All of which are strictly private.

That's a good point. Target etc. probably doesn't have a comparative advantage in testing products, but the private firms you mention can certainly do it for them.

There's a toy safety news site at

http://safertoys.org

which is where I found this site.

One thing that gets in the way of mass sharing of information about toy safety is the typically skimpy labels on toys. The plush pineapple I'm looking at right now doesn't even have a model number or SKU or part number or ID or anything on it, just a "distributed by" name. No way for me to look it up anywhere - or even to reorder it if it was a favorite toy that was dog-chewed needing replacement.

After years of drivers in collisions getting shredded to pieces flying through windshields, seat belts became a regulated requirement. After kicking and screaming that the cost of seat belts would put them out of business, car makers have bragged since how safe their cars are, which became a sub-industry in itself.

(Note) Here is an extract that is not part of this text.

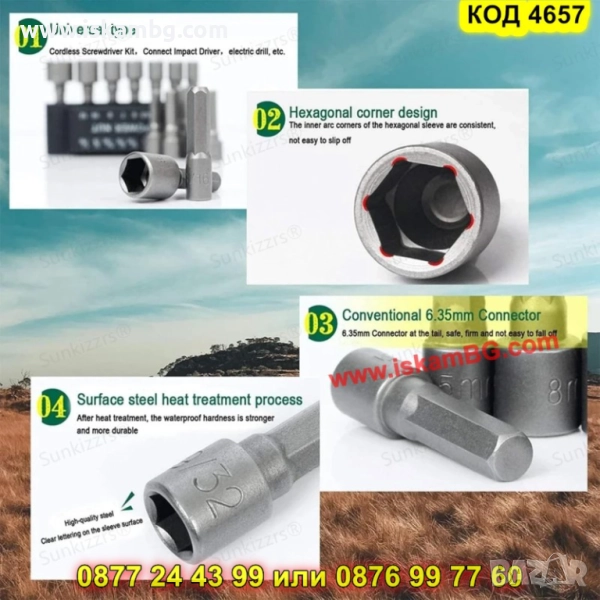 Стандартният 1/4" шестостенен захват (6.35 мм) е подходящ за всички електрически и акумулаторни винтоверти, бормашини и отвертки.

It didn't start with car drivers. It started with information provided by consumer advocates to car drivers. Transaction costs of understanding danger and safety were reduced. Better decisions were made by rational car buyers and drivers.

If toy makers could get away with it, they'd never make any recalls. One reason they're so responsive is because of trusted watchdog agencies that know the statistics well on these matters and have become the go-to source for the round of public panics seen with these issues.

The general effect is easily explained by game theory. No one wants to appear oblivious to potentially dangerous toys and especially to be collared in public by regulators. They end up doing voluntarily what regulation would have mandated.

Given the problem was one that would have been corrected by an efficient market, the outcome simulates the same.

In some cases it can be demonstrated they prefer regulators to step in because they are stuck in a costly stalemate. For example, when two cigarette companies in a duopoly were spending large amounts of marketing and advertising against each other, they were relieved when it was banned. Both ended up with the same market share for much less cost.

Therefore it is not at all clear that the claimed sequence of events is always flawed regulation followed by market inefficiency. It can easily be the reverse and depends on the situation.